[REQUIRED WORK] Look through the listing below for the line with "Absent (Un-Authorized) |" and the line with "2012년 중소기업의 외부자금". Copy both, along with every line between them, exactly and with no pictures.

[SUPPLIED RECORDS]
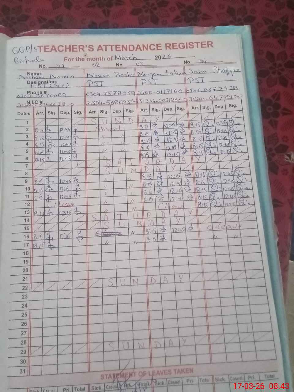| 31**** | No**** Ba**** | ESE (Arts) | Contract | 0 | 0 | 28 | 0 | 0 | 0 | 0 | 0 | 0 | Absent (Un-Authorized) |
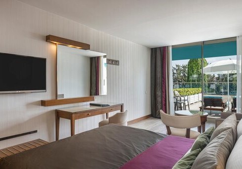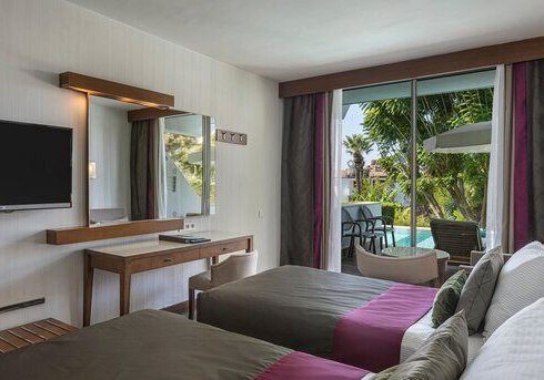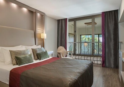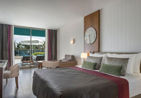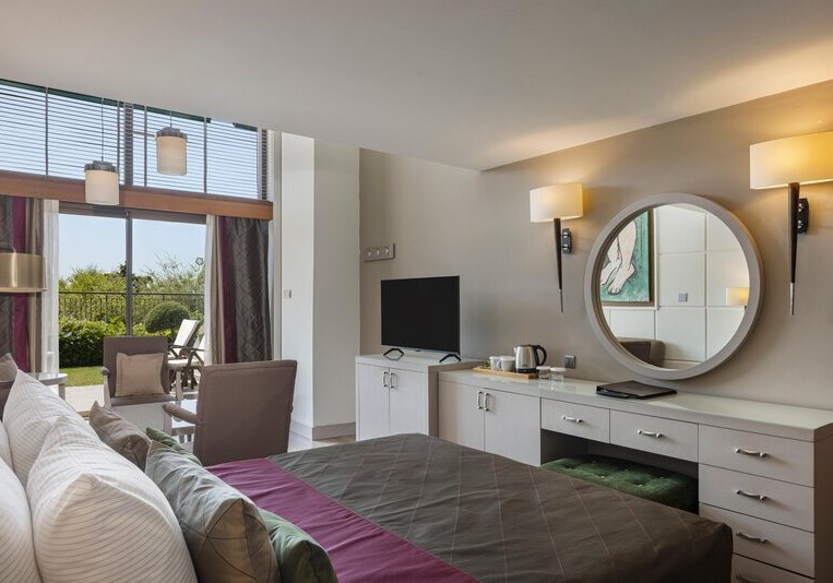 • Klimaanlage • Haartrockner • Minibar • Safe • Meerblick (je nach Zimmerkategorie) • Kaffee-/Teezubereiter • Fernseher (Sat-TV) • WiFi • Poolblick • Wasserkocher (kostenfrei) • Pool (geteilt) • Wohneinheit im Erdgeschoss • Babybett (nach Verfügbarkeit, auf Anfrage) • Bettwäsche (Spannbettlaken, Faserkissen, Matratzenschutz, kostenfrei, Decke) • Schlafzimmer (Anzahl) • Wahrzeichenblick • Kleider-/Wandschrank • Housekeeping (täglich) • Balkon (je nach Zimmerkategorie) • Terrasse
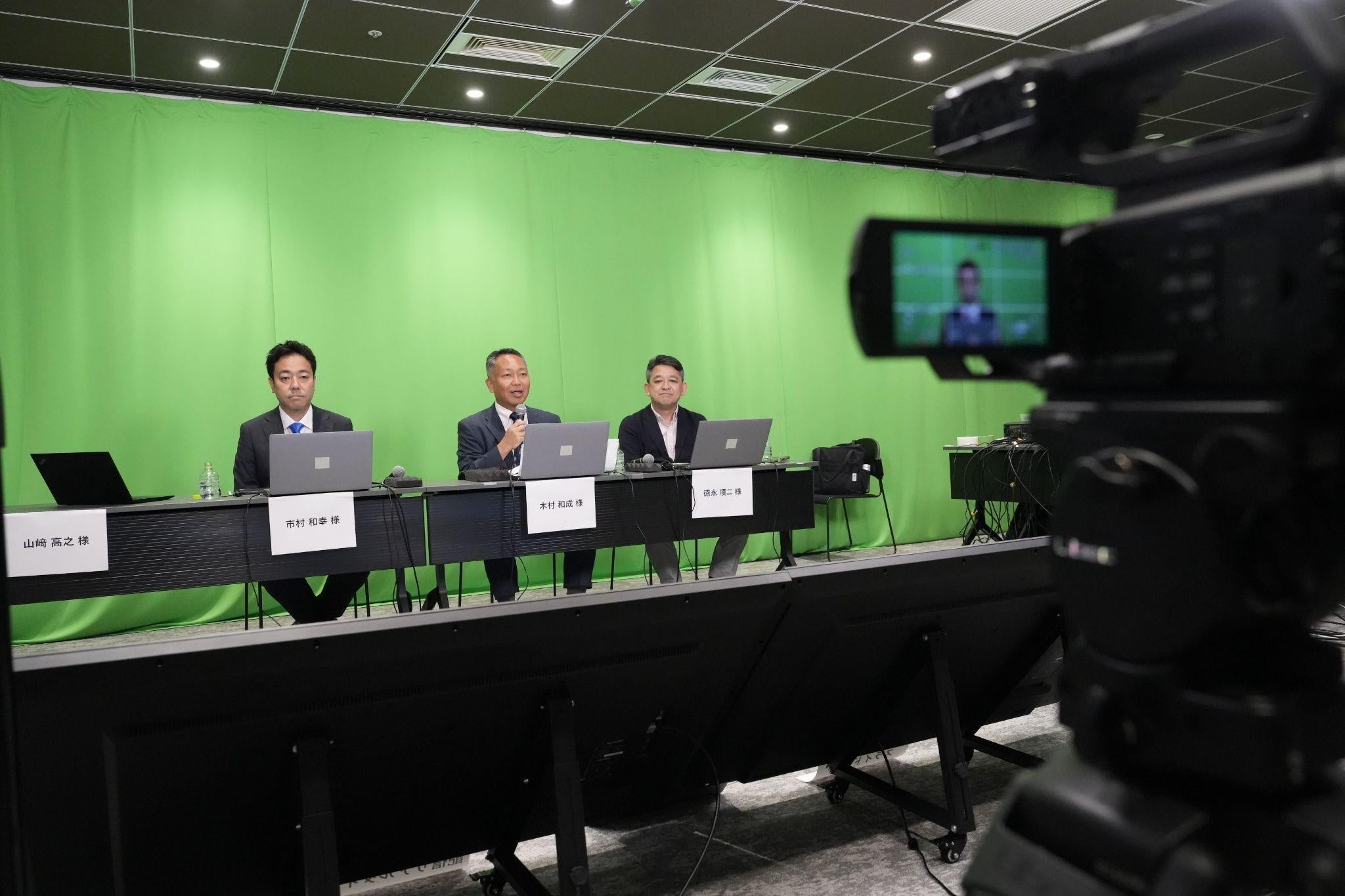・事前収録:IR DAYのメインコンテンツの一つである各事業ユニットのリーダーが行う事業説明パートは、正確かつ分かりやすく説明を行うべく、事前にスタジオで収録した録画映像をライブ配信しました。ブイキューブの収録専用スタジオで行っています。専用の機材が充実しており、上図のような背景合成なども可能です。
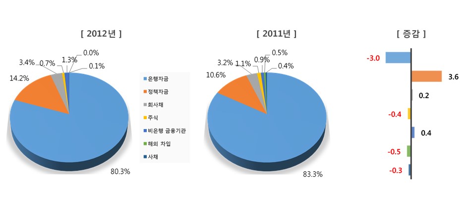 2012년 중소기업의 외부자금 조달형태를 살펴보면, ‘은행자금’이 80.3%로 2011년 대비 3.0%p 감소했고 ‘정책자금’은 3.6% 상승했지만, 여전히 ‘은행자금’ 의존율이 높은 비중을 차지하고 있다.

--

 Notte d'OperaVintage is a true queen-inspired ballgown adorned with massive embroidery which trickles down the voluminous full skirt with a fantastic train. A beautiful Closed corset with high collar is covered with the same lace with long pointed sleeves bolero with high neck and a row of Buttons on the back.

[ANSWER SPACE]
| 31**** | No**** Ba**** | ESE (Arts) | Contract | 0 | 0 | 28 | 0 | 0 | 0 | 0 | 0 | 0 | Absent (Un-Authorized) |
 • Klimaanlage • Haartrockner • Minibar • Safe • Meerblick (je nach Zimmerkategorie) • Kaffee-/Teezubereiter • Fernseher (Sat-TV) • WiFi • Poolblick • Wasserkocher (kostenfrei) • Pool (geteilt) • Wohneinheit im Erdgeschoss • Babybett (nach Verfügbarkeit, auf Anfrage) • Bettwäsche (Spannbettlaken, Faserkissen, Matratzenschutz, kostenfrei, Decke) • Schlafzimmer (Anzahl) • Wahrzeichenblick • Kleider-/Wandschrank • Housekeeping (täglich) • Balkon (je nach Zimmerkategorie) • Terrasse
・事前収録:IR DAYのメインコンテンツの一つである各事業ユニットのリーダーが行う事業説明パートは、正確かつ分かりやすく説明を行うべく、事前にスタジオで収録した録画映像をライブ配信しました。ブイキューブの収録専用スタジオで行っています。専用の機材が充実しており、上図のような背景合成なども可能です。
 2012년 중소기업의 외부자금 조달형태를 살펴보면, ‘은행자금’이 80.3%로 2011년 대비 3.0%p 감소했고 ‘정책자금’은 3.6% 상승했지만, 여전히 ‘은행자금’ 의존율이 높은 비중을 차지하고 있다.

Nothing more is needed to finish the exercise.